How to work with the Max_Tokens parameter

Supported by
OpenAI
Anthropic
Google

What is Max_Tokens

The max_tokens parameter specifies the maximum number of tokens that can be generated in the chat completion.

With that being said, the token count of your prompt plus max_tokens cannot exceed the model’s context length.

How does it work

Every model has a context length. GPT-4o has 128,000, Claude 3.5 Sonnet has 200,000 context length. This number cannot be exceeded.

Each of these models have output size between 4,096 to 16,384 tokens — which means that the output can’t exceed this range.

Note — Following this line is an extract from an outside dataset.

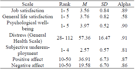 Keywords: subjective underemployment, job satisfaction, well-being, distress, effort-reward imbalance.
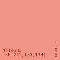 Цвет #F19686 в цветовой модели RGB обозначается тремя октетами (241, 150, 134) в десятичном формате и #F19686 в шестнадцатиричном (hex) формате, которые являются интенсивностью красного 241 (hex F1), интенсивность зелёного 150 (hex 96) и интенсивность синего 134 (hex 86).

The Column for “Max Output Tokens” shows how much tokens are reserved for the output by default for OpenAI models.

However, you can use the max_tokens parameter to specify exactly how many tokens the model should reserve from the default number of output tokens.

How to set this parameter correctly

To set this parameter simply add the token count that you’d like to see in the model’s response.

How to experiment with this parameter

For chat completions you can skip setting this parameter, and the model will automatically use what’s left from the context length.

However, there are times when you’ll want to limit the length of the output. In those cases, it’s important to have a good way to measure how long the input prompt will be, so you can prevent the output from getting cut off. There are two scenarios for this:

  1. Your prompt is static and you can manually count the tokens needed for the input, and you can easily calculate how much is left for the response;
  2. Your prompt is dynamic, and you count the tokens on the fly with libraries like Tiktoken. Read how to do it here.

When to use Max_Tokens?

You can use the max_tokens parameter in cases where you’d want to control the length of the output. A

For chat completions

You can set a lower token count, because you’d want your chatbot to answer in a shorter, conversational manner.

As a safeguard

You can set a lower token count in cases where you want to prevent the model from continuing its output endlessly, especially if you’re working with high temperature settings that encourage creativity but can lead to verbose responses.

Optimize processing time

You can also optimize how fast the model responds to a real-time feature in the app by limiting the size of the output.